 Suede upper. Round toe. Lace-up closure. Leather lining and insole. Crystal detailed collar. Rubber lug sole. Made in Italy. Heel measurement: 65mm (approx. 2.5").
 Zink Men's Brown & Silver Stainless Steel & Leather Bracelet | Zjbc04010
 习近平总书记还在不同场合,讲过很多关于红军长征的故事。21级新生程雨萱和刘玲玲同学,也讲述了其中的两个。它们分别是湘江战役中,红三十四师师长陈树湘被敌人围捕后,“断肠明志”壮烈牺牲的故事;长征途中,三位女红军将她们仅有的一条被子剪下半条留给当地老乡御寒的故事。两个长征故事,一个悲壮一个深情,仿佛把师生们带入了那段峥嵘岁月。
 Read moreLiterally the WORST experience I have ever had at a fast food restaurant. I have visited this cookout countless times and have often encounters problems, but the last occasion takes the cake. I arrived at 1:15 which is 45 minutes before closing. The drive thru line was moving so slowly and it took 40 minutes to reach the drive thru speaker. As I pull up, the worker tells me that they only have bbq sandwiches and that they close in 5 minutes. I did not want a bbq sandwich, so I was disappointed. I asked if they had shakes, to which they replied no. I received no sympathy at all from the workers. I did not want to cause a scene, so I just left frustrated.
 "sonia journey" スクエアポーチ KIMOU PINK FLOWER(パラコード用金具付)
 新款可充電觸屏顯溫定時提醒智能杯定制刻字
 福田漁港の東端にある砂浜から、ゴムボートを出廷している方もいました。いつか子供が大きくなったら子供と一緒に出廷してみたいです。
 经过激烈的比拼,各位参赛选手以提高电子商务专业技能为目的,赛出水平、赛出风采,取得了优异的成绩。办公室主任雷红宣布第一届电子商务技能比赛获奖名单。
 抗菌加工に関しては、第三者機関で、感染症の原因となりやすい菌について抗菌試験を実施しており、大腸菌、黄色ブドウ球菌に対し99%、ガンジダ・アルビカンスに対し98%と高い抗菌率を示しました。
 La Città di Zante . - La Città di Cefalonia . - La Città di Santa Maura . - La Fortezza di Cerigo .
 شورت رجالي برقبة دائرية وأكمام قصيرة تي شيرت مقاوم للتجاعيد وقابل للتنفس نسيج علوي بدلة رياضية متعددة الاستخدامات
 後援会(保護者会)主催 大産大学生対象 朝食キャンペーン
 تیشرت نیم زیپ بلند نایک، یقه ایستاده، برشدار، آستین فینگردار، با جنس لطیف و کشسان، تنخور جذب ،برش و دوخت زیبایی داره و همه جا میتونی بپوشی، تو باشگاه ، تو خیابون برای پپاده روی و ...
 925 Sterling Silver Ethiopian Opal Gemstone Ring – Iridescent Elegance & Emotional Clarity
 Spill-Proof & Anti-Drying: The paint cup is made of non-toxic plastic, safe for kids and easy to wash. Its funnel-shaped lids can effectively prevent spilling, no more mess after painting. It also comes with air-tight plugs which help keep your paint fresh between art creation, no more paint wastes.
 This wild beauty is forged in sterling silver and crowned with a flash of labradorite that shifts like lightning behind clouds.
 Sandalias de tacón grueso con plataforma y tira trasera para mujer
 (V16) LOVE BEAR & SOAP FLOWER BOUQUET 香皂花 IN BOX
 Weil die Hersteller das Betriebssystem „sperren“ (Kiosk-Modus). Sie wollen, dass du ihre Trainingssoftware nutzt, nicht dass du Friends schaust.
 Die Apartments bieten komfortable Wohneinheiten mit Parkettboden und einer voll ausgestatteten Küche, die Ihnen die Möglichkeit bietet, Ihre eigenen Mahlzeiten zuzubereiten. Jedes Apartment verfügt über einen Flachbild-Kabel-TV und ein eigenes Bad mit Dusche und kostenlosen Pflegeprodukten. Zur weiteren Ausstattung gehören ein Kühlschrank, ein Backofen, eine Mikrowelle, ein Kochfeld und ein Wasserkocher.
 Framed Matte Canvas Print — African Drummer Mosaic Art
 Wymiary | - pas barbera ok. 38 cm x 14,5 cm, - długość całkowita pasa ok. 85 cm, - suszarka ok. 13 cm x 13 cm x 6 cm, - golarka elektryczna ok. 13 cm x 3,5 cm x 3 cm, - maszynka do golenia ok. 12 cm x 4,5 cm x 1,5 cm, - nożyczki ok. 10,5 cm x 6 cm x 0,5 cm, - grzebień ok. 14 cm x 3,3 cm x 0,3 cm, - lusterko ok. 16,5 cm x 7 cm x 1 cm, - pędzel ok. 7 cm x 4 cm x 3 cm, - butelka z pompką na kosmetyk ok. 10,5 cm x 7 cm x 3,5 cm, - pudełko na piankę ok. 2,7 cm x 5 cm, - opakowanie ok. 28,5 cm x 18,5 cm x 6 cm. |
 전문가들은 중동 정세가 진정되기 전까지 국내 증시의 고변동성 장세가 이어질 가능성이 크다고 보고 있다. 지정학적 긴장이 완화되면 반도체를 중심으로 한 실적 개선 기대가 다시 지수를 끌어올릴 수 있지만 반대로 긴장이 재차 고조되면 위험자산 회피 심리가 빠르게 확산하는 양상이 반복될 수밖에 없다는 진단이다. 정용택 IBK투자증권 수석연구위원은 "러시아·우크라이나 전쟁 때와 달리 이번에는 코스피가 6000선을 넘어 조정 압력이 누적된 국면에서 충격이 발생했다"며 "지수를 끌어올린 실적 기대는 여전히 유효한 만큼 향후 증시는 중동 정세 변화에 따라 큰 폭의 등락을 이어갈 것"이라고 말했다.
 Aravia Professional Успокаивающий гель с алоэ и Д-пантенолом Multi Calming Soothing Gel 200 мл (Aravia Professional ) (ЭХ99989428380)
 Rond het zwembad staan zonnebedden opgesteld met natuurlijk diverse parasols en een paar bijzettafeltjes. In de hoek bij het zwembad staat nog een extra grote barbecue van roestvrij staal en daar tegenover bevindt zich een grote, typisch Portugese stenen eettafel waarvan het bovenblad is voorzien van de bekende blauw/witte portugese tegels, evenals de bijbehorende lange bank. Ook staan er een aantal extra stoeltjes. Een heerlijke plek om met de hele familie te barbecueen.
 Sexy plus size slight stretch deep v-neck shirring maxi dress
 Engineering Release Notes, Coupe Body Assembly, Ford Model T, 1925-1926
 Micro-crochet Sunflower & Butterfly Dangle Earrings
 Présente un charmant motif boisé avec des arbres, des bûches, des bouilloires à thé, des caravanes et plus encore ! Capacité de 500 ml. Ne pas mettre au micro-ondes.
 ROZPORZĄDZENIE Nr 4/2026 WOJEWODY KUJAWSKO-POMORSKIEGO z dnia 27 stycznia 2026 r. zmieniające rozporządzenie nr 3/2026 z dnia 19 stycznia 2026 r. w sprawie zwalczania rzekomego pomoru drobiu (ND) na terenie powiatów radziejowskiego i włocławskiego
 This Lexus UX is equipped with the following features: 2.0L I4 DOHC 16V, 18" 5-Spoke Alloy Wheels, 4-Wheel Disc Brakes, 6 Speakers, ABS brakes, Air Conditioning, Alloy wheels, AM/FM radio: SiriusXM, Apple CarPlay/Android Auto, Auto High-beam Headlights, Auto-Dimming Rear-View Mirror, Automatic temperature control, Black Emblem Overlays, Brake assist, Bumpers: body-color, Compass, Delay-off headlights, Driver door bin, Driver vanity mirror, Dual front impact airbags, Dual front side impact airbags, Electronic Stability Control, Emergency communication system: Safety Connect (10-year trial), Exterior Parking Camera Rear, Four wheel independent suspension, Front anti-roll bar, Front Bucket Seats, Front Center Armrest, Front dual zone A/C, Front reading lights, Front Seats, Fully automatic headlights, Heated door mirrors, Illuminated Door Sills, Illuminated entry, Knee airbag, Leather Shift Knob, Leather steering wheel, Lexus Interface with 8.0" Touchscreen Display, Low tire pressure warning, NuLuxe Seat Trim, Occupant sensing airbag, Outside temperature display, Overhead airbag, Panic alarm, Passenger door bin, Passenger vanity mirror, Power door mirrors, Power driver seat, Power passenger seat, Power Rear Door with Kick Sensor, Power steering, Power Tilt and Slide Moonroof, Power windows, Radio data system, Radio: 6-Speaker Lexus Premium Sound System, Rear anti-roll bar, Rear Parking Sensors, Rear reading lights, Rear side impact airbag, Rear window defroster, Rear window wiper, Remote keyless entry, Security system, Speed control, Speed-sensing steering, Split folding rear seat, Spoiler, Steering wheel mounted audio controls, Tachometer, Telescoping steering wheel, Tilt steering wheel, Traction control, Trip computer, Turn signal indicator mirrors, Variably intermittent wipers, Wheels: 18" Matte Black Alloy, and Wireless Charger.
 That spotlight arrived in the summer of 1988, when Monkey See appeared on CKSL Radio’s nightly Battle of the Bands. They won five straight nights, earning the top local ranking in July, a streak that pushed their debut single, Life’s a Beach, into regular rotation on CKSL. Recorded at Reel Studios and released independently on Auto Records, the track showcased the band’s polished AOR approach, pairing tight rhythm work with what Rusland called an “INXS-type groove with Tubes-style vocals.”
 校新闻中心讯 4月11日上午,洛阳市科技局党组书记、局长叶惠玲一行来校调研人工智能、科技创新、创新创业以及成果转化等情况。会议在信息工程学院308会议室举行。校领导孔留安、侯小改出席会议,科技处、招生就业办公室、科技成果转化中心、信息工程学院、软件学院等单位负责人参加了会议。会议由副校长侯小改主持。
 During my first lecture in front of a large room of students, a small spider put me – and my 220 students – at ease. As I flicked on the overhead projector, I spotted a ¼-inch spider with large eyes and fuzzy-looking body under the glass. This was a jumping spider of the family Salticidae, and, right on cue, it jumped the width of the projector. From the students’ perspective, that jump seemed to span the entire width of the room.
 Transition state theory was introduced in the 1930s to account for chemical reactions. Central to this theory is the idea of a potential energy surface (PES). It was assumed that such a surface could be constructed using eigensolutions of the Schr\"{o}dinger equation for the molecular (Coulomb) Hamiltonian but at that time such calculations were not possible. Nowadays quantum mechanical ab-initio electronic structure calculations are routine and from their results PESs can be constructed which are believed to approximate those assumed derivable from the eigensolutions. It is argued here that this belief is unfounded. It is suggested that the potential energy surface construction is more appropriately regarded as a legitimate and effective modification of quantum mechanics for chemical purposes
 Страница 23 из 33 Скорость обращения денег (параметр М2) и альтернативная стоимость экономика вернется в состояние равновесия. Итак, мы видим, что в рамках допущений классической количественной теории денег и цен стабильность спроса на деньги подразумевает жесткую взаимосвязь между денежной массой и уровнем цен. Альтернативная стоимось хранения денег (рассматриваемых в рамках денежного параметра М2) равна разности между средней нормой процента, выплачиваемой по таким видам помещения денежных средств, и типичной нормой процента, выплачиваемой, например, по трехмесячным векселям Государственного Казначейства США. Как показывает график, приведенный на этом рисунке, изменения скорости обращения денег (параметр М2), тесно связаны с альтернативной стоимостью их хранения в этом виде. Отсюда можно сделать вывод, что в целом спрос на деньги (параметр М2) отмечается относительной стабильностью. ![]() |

-*-*-

_TASK TO CARRY OUT_
Would you please write out, exactly and with no other lines, the stretch of the listing above from the line containing "後援会(保護者会)主催 大産大学生対象 朝食キャンペーン" through the line containing "925 Sterling Silver"?

_EXERCISE ANSWER_
 後援会(保護者会)主催 大産大学生対象 朝食キャンペーン
 تیشرت نیم زیپ بلند نایک، یقه ایستاده، برشدار، آستین فینگردار، با جنس لطیف و کشسان، تنخور جذب ،برش و دوخت زیبایی داره و همه جا میتونی بپوشی، تو باشگاه ، تو خیابون برای پپاده روی و ...
 925 Sterling Silver Ethiopian Opal Gemstone Ring – Iridescent Elegance & Emotional Clarity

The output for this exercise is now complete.